Enka meets the enforcement of an award

In Kabab-Ji SAL v Kout Food Group [2021] UKSC 48, the UK Supreme Court illustrated how, in England, the court will, when assessing the validity of an arbitration agreement in New York Convention enforcement proceedings, judge whether the parties have made a choice as to which law applies to that agreement.

The case involved an attempt to enforce an arbitration award in England. This arose from a franchise development agreement (the “Agreement”) which had been concluded between Kabab-Ji and a company, AHFC. The Agreement was governed by English law and contained an arbitration clause (ICC Rules, Paris seat).

Disputes arose and Kabab-Ji commenced an arbitration, but against another company, KFG. The tribunal made an award against KFG on the basis that, under English law, it had become a party to the Agreement by conduct and, under French law, a party to the arbitration agreement.

Article (V)(1)(a) New York Convention

Kabab-Ji attempted to enforce the award in England. KFG resisted this on the basis of Article V(1)(a) New York Convention (as incorporated by s.103(2)(b) Arbitration Act 1996) that “…the arbitration agreement was not valid under the law to which the parties subjected it or, failing any indication thereon, under the law of the country where the award was made.”

Was the arbitration agreement subject to English law?

This was a case of a type where the parties had not explicitly addressed the law governing the arbitration agreement. And nor did the law chosen to govern the Agreement “match” the seat/place of arbitration (in which case only one law could fall to be applied). Therefore, the question arose as to whether English law governed the arbitration agreement (as being “the law to which the parties subjected it”).
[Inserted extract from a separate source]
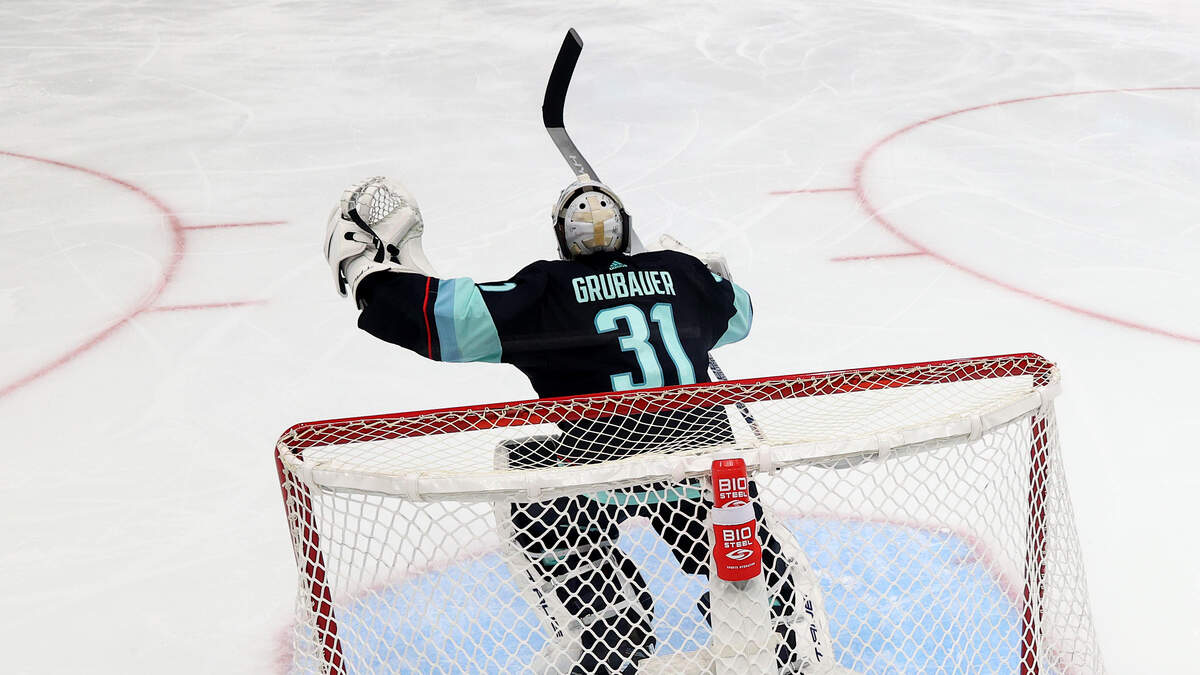 SEATTLE, WASHINGTON - APRIL 24: Philipp Grubauer #31 of the Seattle Kraken celebrates the game-winning overtime goal against the Colorado Avalanche in Game Four of the First Round of the 2023 Stanley Cup Playoffs at Climate Pledge Arena on April 24, 2023 in Seattle, Washington. (Photo by Steph Chambers/Getty Images)Photo: Getty Images

If so, then KFG could rely on “no-oral variation” provisions in the Agreement to deny that it had become a party to it (and hence, the arbitration agreement therein).
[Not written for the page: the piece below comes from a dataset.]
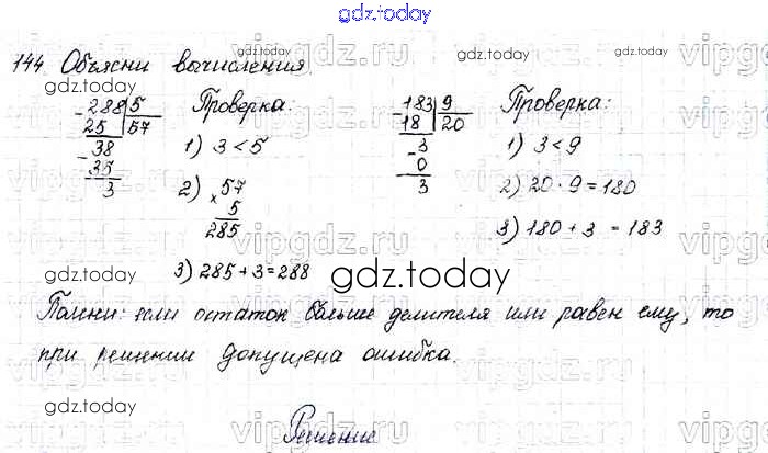 Ответы к Упражнения Решение к части 1 144 Учебнику по Математике для 4 класса Моро, Бантова Просвещение Школа России 2015

To decide this, the UKSC applied the approach it had adopted in Enka (click here), to the significance, in cases of the type described above, of the parties’ choice of law to govern their contract; i.e. any such choice should generally be understood as also extending to the arbitration clause. This, albeit without much resistance from Kabab-Ji, the UKSC saw as appropriate even in the specific context of Article V(1)(a). There was no consensus to the contrary, the conclusion was in line with the Article’s wording, the same considerations of principle in Enka applied equally here, and it was desirable for the same approach to be taken in different contexts [28-36].

Accordingly, the UKSC found that by virtue of the (typically worded) governing law provision of the Agreement, English law governed the arbitration agreement [37-39]. Attempts by Kabab-Ji, one based on the parties’ use of the UNIDROIT principles, and one based on the validation principle, to resist that conclusion were rejected. In the latter case, the UKSC said that principle did not extent to cases, such as the present, where the question was whether parties have ever agreed at all [51-52].

Some procedural points...

After then considering, and endorsing, the Court of Appeal’s conclusion that, under English law, KFG was not bound to the arbitration agreement (as, due to the effect of the no-oral variation clauses, it had not become a party to the Agreement) [54-75]. The UKSC turned to a couple of points of procedural significance for the enforcement of awards in England.

First, whether the Article V(1)(a) issue was suitable for summary determination. Kabab-Ji said consistency with that provision required a full trial of the matter. The UKSC disagreed. A summary approach could be adopted – provided it was appropriate in the circumstances [76-83].

Finally, Kabab-Ji argued for a stayed of these proceedings under s.103(5) AA 1996 pending ongoing set aside proceedings in France. The UKSC decided, however, that this was not necessary as there were no common issues on which the English court was being asked to rule; in particular, the two courts would not be applying the same law as to the question of validity of the arbitration agreement [84-92].

Comment and conclusion

From a domestic point of view, the UKSC’s decision achieves clear consistency with its earlier reasoning in Enka. The end result, however, is somewhat stark as enforcement of the award was denied in England; despite the potential for a different view as to validity of the arbitration agreement  to be taken at the seat.

Two features contributed to this; the fact that the law of the contract and seat did not “match” - thereby opening up room for debate on the applicable law issue. And the fact that the New York Convention does not, on that point, tie courts to a standard approach. Where the first of those is to be the case, however, one potential solution is to include in the arbitration agreement an explicit/express choice of law to govern it (insofar as that is permissible under the law of the seat). That might then help align the law applied at the seat and that applied under Article V(1)(a). This is something parties may already consider where the law of the contract and seat don’t “match”, and the case therefore further illustrates the potential benefits of such a course of action.